On the one hand on the other.
In the great square in Brașov
the miraculous reappearance
of the children of the Pied Piper
a likely tale.
And anyway you’re out of film
when the procession goes by
and the action starts, the tape run out
the batteries flat, the moment passes
into the history of all moments,
and anyway all the long way up the long hill
you forgot it’s Monday and the place is closed,
Far away now, far away then,
here and not here, messages
written to my fleeing self
in some Transylvania of the mind.
Hung out in the distance
like a lamp, the fading light
of stars fainter and further
in the borderless beyond.
Flowers in the upland pasture.
Pebbles in a yard marbled
into the letters of a word
in some long ago language.
Come back I hear my voice call back
on the long road home.
Bring a few thing to say you were here –
a milkweed pod, a leaf from a walnut tree,
a flower from the upland pasture,
a handful of stones that spell out someone’s name.
Night cries startle my heart.
Music dulls me into sleep,
the bird still singing in my brain.
Not the journey but it’s recall
fading in the remembrance,
the slow falling into time.
Not the shadow but the other shadow,
death’s, falling fore and aft, its agenda
in the swish of time on the watch,
brief as a kiss in passing, voices
shouting down the rainy night street
some name, some message.
Photographs fade. Tapes fade,
the words will come away from the page,
the same that comes with us everywhere
and eclipses us, swallows us whole,
deletes our names in other people’s address books.

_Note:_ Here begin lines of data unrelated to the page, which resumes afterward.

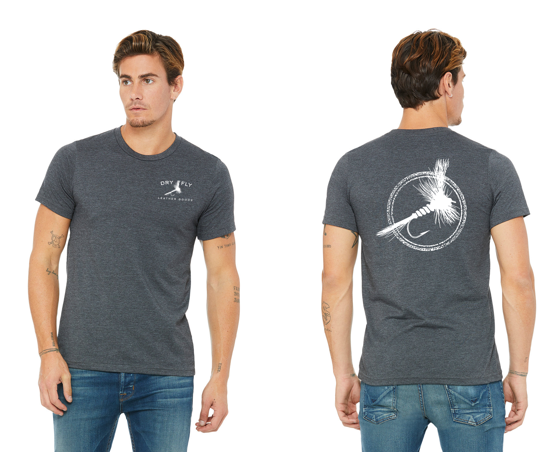 Our ultra-soft crew neck t-shirt will be one of your well-loved everyday tees. We have the DFLG logo on front and the our dry fly graphic on the back. Available in two color options: Dark Heather Gray or Heather Columbia Blue.
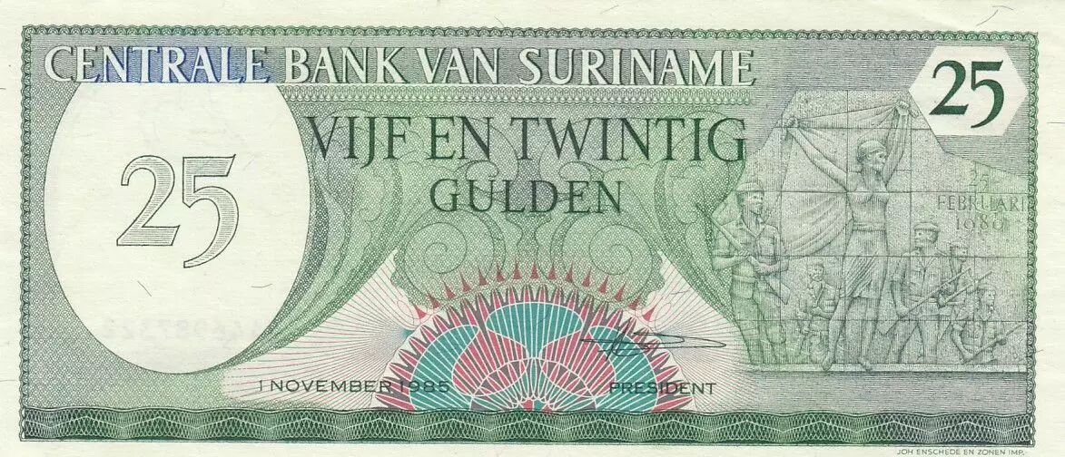 Banknote Suriname 25 Gulden - Revolution Day 1980 - 1985 - P.126
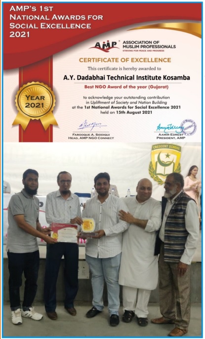 Our A.Y. Dadabhai Technical institute, Kosamba selected as a Best NGO award of the year for outstanding contribution in upliftment of society and nation building presented by Association of Muslim Professionals (AMP). This award received by Mr. M.M.Dalchawal (Director of AYD) on 22-08-2021 at Ahmedabad. |
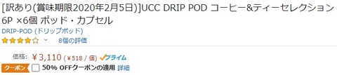 Amazonにて「UCC DRIP POD コーヒー&ティーセレクション 6P ×6個 ポッド・カプセル」が賞味期限2020年2月5日のため半額クーポンが出ています。商品ページはこちら:https://amzn.to/36TXsdL
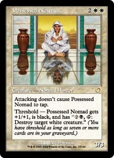 しきい値 — あなたの墓地に 7 枚以上のカードがあるかぎり、憑依された遊牧民は +1/+1 の修整を受け、黒で、「
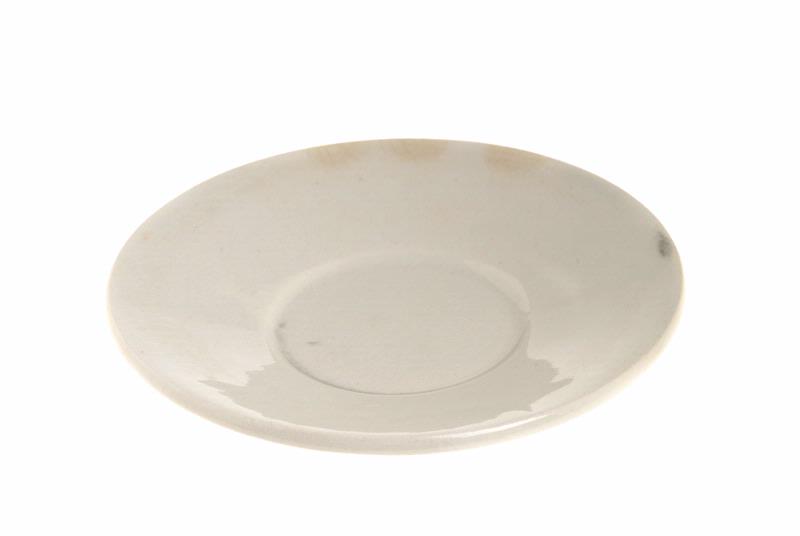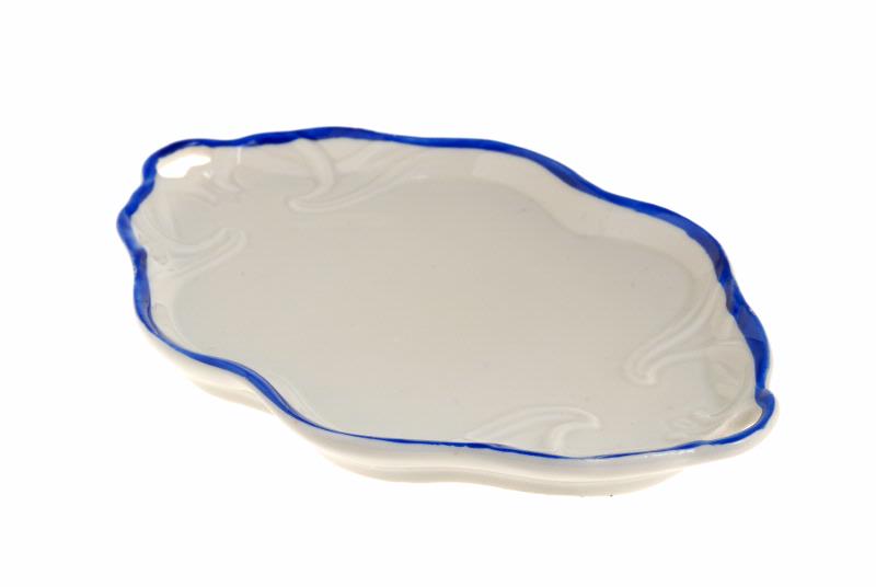 Katalogkort endast på 2 st fat: 1 st i vitt porslin, Gustafsberg. 1 st uppläggningsfat, vitt med reliefmönster och blå kantband.

Think of the snail with a boat on his back
he carries all his days that one day
he will drown in.
Farewell all those I never met,
faces that flit across a mirror,
echoes on the phone, the hiss of stars.
There are the sweet songs of lovers.
There is the wild music of the mountains.
And there is death, suddenly.
There is the chanting among the wild-eyed rag-haired saints,
an unaccompanied singing addressed to eternity.
And there is death.
That knits us all into the ground,
caught up with roots and shards and spent ammunition,
into the names of stones flaked away in the wind.
We live a while in the tales of our children,
their children, gossip and rumour, in the dreams of the sleepless,
the memories of the forgetful.
The knife. Fear of the knife. The cancer
clawing at the guts, or on a narrow mountain road
a fast truck swings onto the wrong side of the road, goodbye.